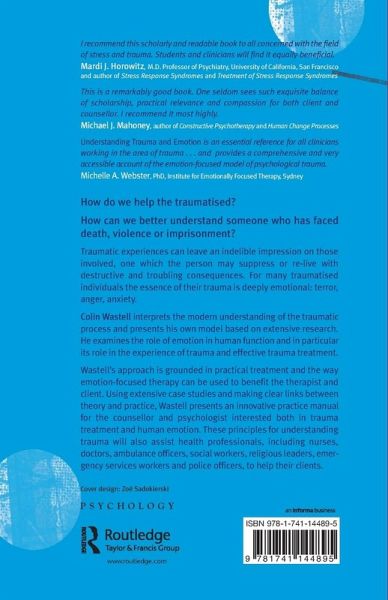 I recommend this scholarly and readable book to all concerned with the field of stress and trauma. Students and clinicians will find it equally beneficial. Mardi J. Horowitz, M.D. Professor of Psychiatry, University of California, San Francisco and author of Stress Response Syndromes and Treatment of Stress Response Syndromes This is a remarkably good book. One seldom sees such exquisite balance of scholarship, practical relevance and compassion for both client and counsellor. I recommend it most highly. Michael J. Mahoney, author of Constructive Psychotherapy and Human Change Processes Understanding Trauma and Emotion is an essential reference for all clinicians working in the area of trauma . . . and provides a comprehensive and very accessible account of the emotion-focused model of psychological trauma. Michelle A. Webster, PhD, Institute for Emotionally Focused Therapy, Sydney How do we help the traumatised? How can we better understand someone who has faced death, violence or imprisonment? Traumatic experiences can leave an indelible impression on those involved, one which the person may suppress or re-live with destructive and troubling consequences. For many traumatised individuals the essence of their trauma is deeply emotional: terror, anger, anxiety. Colin Wastell interprets the modern understanding of the traumatic process and presents his own model based on extensive research. He examines the role of emotion in human function and in particular its role in the experience of trauma and effective trauma treatment. Wastell's approach is grounded in practical treatment and the way emotion-focused therapy can be used to benefit the therapist and client. Using extensive case studies and making clear links between theory and practice, Wastell presents an innovative practice manual for the counsellor and psychologist interested both in trauma treatment and human emotion. These principles for understanding trauma will also assist health professionals, including nurses, doctors, ambulance officers, social workers, religious leaders, emergency services workers and police officers, to help their clients. This book is also supported by a website, containing a full report of the author's research at: www.allenandunwin.com/trauma.asp
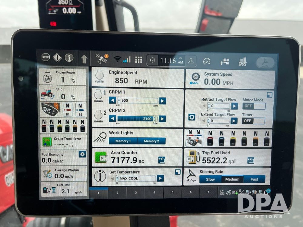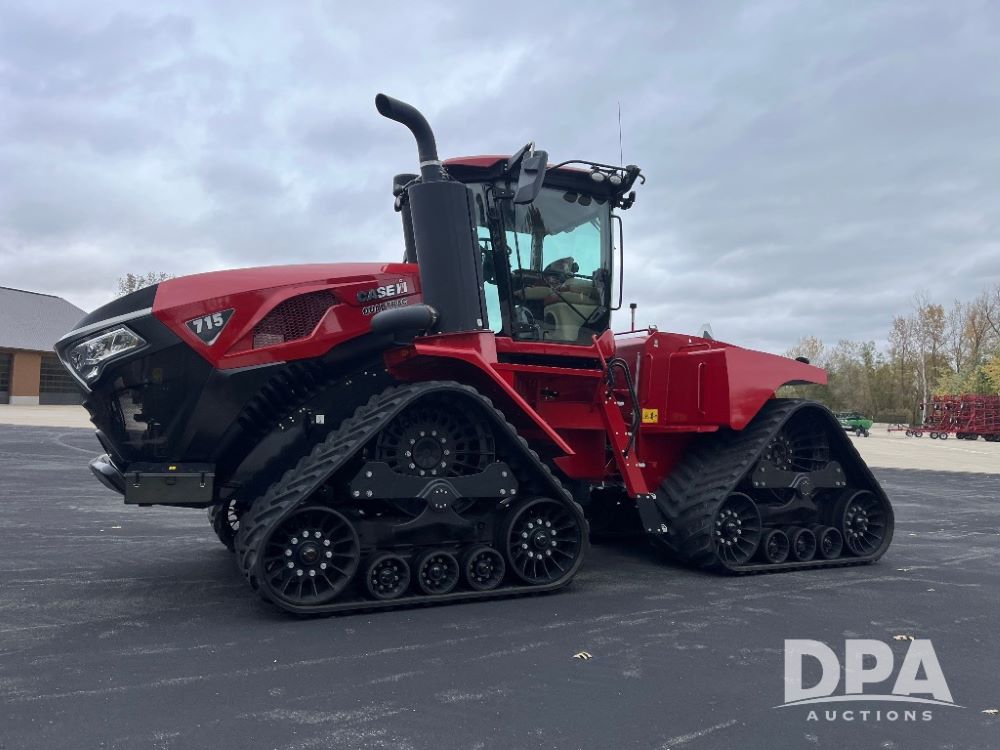 2025 Case IH Steiger 715 Quadtrac Tractor (JN3260), PT Cursor 16 turbocharged diesel engine, Powershift transmission, AFS Connect, Power beyond, luxury cab, buddy seat, engine brake, cold weather start, True ground speed radar, RH armrest, Pro 1200 monitor, AFS Vector Pro, 2 high capacity hydraulic pumps, 6 remotes, 1000 PTO, high cap drawbar with differential lock, 36 inch tracks, Power beyond supply and return, performance lighting, farmer owned, shows 271 hours.
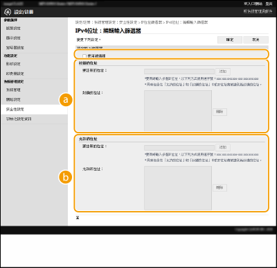 在 [要註冊的位址] 文字框中輸入 IP 位址(或 IP 位址的範圍),然後按一下 [添加]。
--------
### Aim of the task
Here the lines from the one containing "2025 Case IH" through the end of the material are to be copied exactly, with the pictures omitted.

### Answer
 2025 Case IH Steiger 715 Quadtrac Tractor (JN3260), PT Cursor 16 turbocharged diesel engine, Powershift transmission, AFS Connect, Power beyond, luxury cab, buddy seat, engine brake, cold weather start, True ground speed radar, RH armrest, Pro 1200 monitor, AFS Vector Pro, 2 high capacity hydraulic pumps, 6 remotes, 1000 PTO, high cap drawbar with differential lock, 36 inch tracks, Power beyond supply and return, performance lighting, farmer owned, shows 271 hours.
 在 [要註冊的位址] 文字框中輸入 IP 位址(或 IP 位址的範圍),然後按一下 [添加]。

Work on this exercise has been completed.